Protecting your $$$$$ since 1978
"Helping you make the most of your $$$$$"


  1. KNOW WHERE YOUR FINANCIAL ADVISOR LIVES: This may sound odd but State laws vary. Isn't it more comforting knowing the advisor lives in your home town? If the advisor has their own home doesn't that imply more stability than an apartment number or P.O. box? If something goes wrong, why face the expense of going out of town to handle disputes?
  2. SHOW ME YOURS: If a particular investment or insurance product is that good, doesn't it make sense the advisor would own it? Before investing, ask for verification that the advisor has what they are asking you to purchase. It may be surprising how many advisors do not practice what they preach. If the advisor owns products being recommended to you, rest assured everyday that person will check on those investments because they have a personal stake in them.
  3. VERIFY CREDENTIALS: States & the SEC have regulatory departments to provide background information on registered advisors. CFP (Certified Financial Planner) is a widely recognized trademark of qualified advisors. Check the advisor out before you consider doing any business. As with any profession, experience counts.

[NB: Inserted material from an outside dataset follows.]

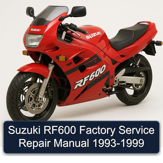 The Suzuki RF600, produced from 1993 to 1999, represents Suzuki's offering in the middleweight sportbike segment, known for its blend of performance and rider comfort. This motorcycle features a robust inline-4 cylinder, DOHC, 16-valve engine with a displacement of 599cc, delivering approximately 98-101 HP. Its engineering is characterized by a liquid-cooled system and a 6-speed transmission, designed for spirited riding. The RF600R and RF600RT variants share a steel twin-spar frame for rigidity, dual disc front brakes, and a single disc rear brake, emphasizing reliable performance and a solid foundation for its sporty capabilities. This comprehensive 433-page Factory Service Repair Manual (FSM) in English provides detailed guidance for the Suzuki RF600 motorcycle. It covers essential maintenance procedures, including oil changes, filter replacements, and chain adjustments, alongside in-depth repair instructions for all major systems such as the engine, fuel, ignition, transmission, chassis, brakes, and electrical components. The manual includes systematic troubleshooting guides, critical technical specifications like torque values and fluid capacities, and is enhanced with hundreds of photos and illustrations to aid understanding. This resource is designed for both do-it-yourself enthusiasts and professional mechanics, offering an inexpensive yet accurate source of information to maintain and repair the vehicle effectively.

  4. DO YOU LIKE PURPLE?: Like a lasting marriage, both partners must be compatible. Be sure your goals & philosophies of financial planning match the advisors. Otherwise there will be constant concern over recommendations made. One size does not fit all when selecting an advisor.
  5. TAKE THE STOMACH TEST: If a recommendation doesn't feel right, don't do it! No matter how compelling, don't accept it. Your stomach is almost always right. Know how the advisor will be paid. You don't work for free & neither do they.
  6. HOW DO YOU SLEEP?: If worry about your investments robs you of sleep, find a new advisor because you have the wrong investments. When you put your head on that pillow each night, you should know where your money is, why it's there & how it's doing. It seems some advisors want their clients to know as little about the portfolio as possible. In fact, you should know as much about what you have as they do.
  7. LEARN WHAT TO DO: Don't allow an advisor to tell you what to do; they should teach you what to do. Why? Well, that advisor may not be around tomorrow & then what will you do? I've had many new clients tell me when I ask why they have what they do in their portfolio "I don't know, that's what he/she said I should do". Go back to #6 if this would be your answer.
  8. IS ANYBODY HOME?: Next to your health, financial well-being is most important. Be sure you can contact your advisor whenever you need to. Some will sell you products & after a short time, never contact you again. So much for monitoring your investments! With E-mail, toll-free & cell phones, fax lines there is no reason an advisor should ever be unavailable except for major illness.
  9. MY NEPHEW SELLS INSURANCE TOO: With few exceptions, it is poor judgement to buy cars, boats, insurance or investments from relatives. Thanksgiving dinner will never be the same if you find the insurance you were sold or investment you made with cousin Johnny went sour. Most new agents/brokers last less than 2 years & your account will be turned over to a complete stranger.
  10. HANG UP!: Do not consider any investment or insurance solicited over the phone! Watch out for invites to seminars. The bigger the free lunch, the more it will ultimately cost you!